The guaranty was of a debt thereafter to be created. ' It was of a collateral matter, and not of the mere debt of the defendant. He had no means, or certainly not so good means as the plaintiffs had, of knowing the quantity of goods, and the value of the same, that the plaintiffs should deliver to Case. The general principle is well stated in Norton v. Eastman, 4 Greenl. 521, that where the party cannot know beforehand whether he is ultimately to be liable or not, nor to what extent, it is necessary, in order to charge him, that he should have reasonable notice. It seems to us to be very clear, that the defendant would not be liable to pay until after notice of the amount of the goods which the plaintiffs had delivered, and a special request to pay for them. Com. Dig. Pleader, C 69, C 73, C 74. The case is in many respects like that of Duval et al. v. Trask, 12 Mass. R. 154; which was an undertaking to be responsible for goods which should be furnished to the defendant’s brother. The goods were delivered in 1809, and the action was tried in November 1814. But it appeared in that case, that the plaintiffs had made inquiries respecting the brother and that he was unable to pay, and that the defendant was notified of the failure of his brother to pay the debt, on July 19, 1812, and the defendant replied, on the 26th of the same July, recognizing his liability. And upon these facts the Court were of opinion that the defendant was liable. But it does not appear in the case at bar, that the defendant had any notice, before this action was commenced, of the amount of goods which were delivered upon his guaranty, to Thomas C. Case.

In the case of Sturgis v. Robbins, notice and request were proved, notwithstanding the undertaking was to pay a certain sum at a certain time, if the principal did not pay.
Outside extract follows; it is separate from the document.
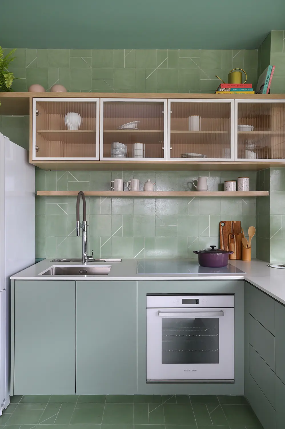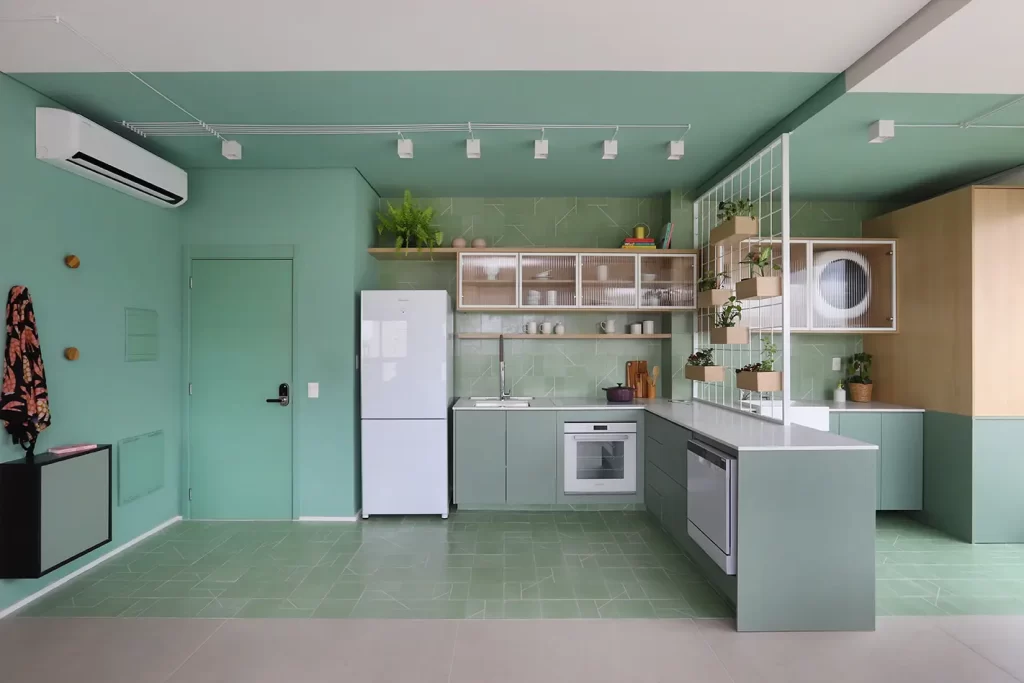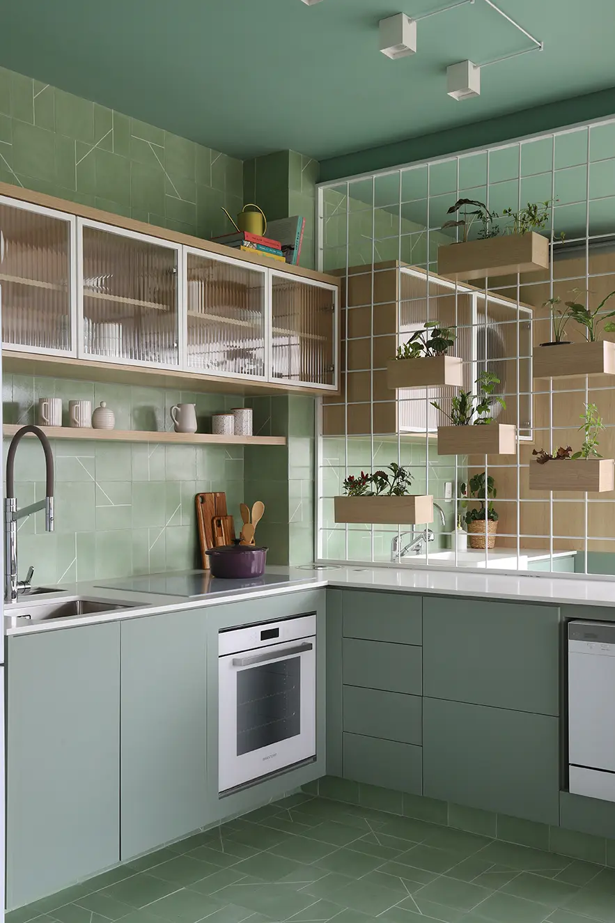 Elementos como cristaleira em serralheria com vidro canelado, prateleiras com LED embutido e armários com dupla função aparecem como soluções práticas para o dia a dia.

In the case of Cremer v. Higginson, 1 Mason, 224, the defendant had guarantied the advances which should be made, to the amount of 50,000 dollars, and it was held that notice of the advances should be given in a reasonable time ; and if it were not, and a material alteration should have happened in *140regard to the pecuniary circumstances of the principal debtor in the mean time, the guarantor would be discharged.

We do not think that the making of the note by Case, is to be considered as a bar to the claim of the plaintiffs, upon the contract of the defendant.

The plaintiffs may discontinue; and if there has not been any material change of circumstances in regard to Case, they may perhaps now give the notice and make the request which we think to be prerequisites to an action upon this guaranty.